# Striker Ice Predator Bibs



## Perferator (Oct 18, 2003)

Anyone here use them? I’m ordering a set for the durability and warmth out on the ice but also the security knowing they can help to save me should the unthinkable happen.


----------



## sureshot006 (Sep 8, 2010)

I think they're the most popular floating ice fishing bib.


----------



## FivesFull (Jan 29, 2017)

I bought my hard water suit three years ago and all my buddies were like no way we are spending money like that. Every one of them has the full suit now


----------



## Ranger Ray (Mar 2, 2003)

You'll love them!


----------



## Perferator (Oct 18, 2003)

This is my first season on hardwater since 2010 so I’m gearing up where I can on budget. Already have a great snowsuit jacket to go with these bibs. Maybe next year the top to go with it.


----------



## aacosta (Dec 18, 2015)

Good investment for sure


----------



## Cpt.Chaos (May 28, 2006)

I have a full predator suit, love it


----------



## Cpt.Chaos (May 28, 2006)

The predator keeps you warm enough to hug those muskies even when the water is 35 degrees!


----------



## Perferator (Oct 18, 2003)

Cpt.Chaos said:


> View attachment 804872
> 
> The predator keeps you warm enough to hug those muskies even when the water is 35 degrees!


Would Looooove a chance to hug muskies!! Great pic!
The Striker Ice Predator gets high reviews and hopefully some confidence on less than the ideal ice conditions.


----------



## fishnpbr (Dec 2, 2007)

I have the Hardwater set. Worth every penny.


----------



## cover.your.rig (Apr 27, 2010)

Cpt.Chaos said:


> View attachment 804872
> 
> The predator keeps you warm enough to hug those muskies even when the water is 35 degrees!

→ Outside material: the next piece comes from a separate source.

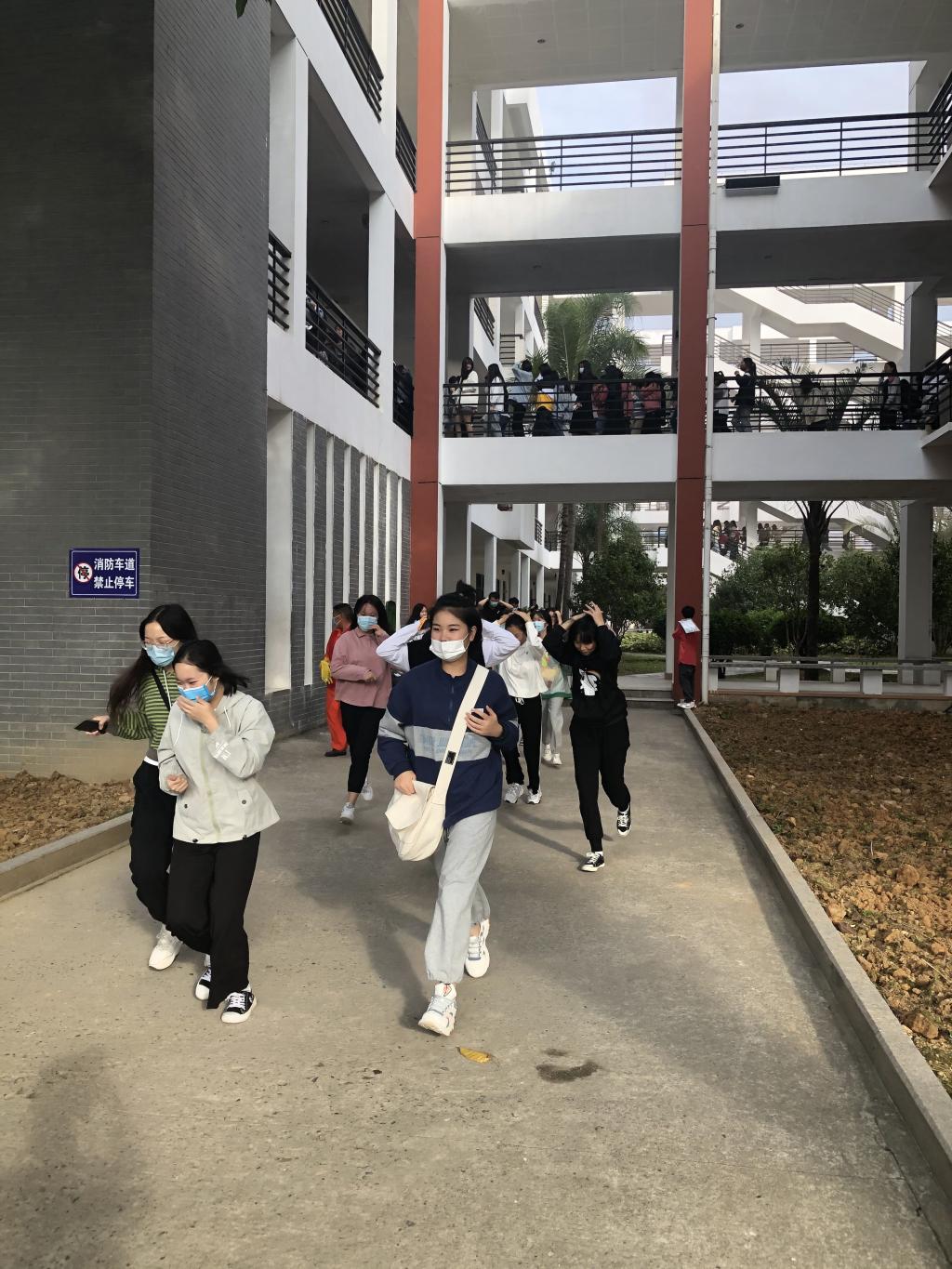 為保證演練順利開展,系部預(yù)先制定演練方案,明確演練步驟及人員,保衛(wèi)處林捷老師對參加演練的人員進(jìn)行了安全知識培訓(xùn),并進(jìn)行現(xiàn)場演示。下午3:30,教學(xué)樓黃煙四起、警報鈴響,各位老師迅速到達(dá)指定崗位,現(xiàn)場指揮發(fā)出第一次避險指令,學(xué)生根據(jù)演練要求,在課桌及墻角蹲下,等待現(xiàn)場指揮發(fā)出逃生指令;在現(xiàn)場指揮發(fā)出逃生指令后,學(xué)生們紛紛用手、濕紙巾等捂住口鼻,彎著腰從預(yù)定的逃生路線進(jìn)行撤離,撤退過程井然有序,僅用3分鐘,參加本次演練的1000多名學(xué)生全部安全撤離到指定區(qū)域。

That's an awesome guitar! Nice fish!


----------



## dag_outdoors (Aug 20, 2021)

I have the Predator bibs and Climate jacket. They have been used for about 3 years now with about 10-15 outings a year as well as using them for snow blowing and building snow forts with the rugrats! Plenty warm and durable!


----------



## Perferator (Oct 18, 2003)

dag_outdoors said:


> I have the Predator bibs and Climate jacket. They have been used for about 3 years now with about 10-15 outings a year as well as using them for snow blowing and building snow forts with the rugrats! Plenty warm and durable!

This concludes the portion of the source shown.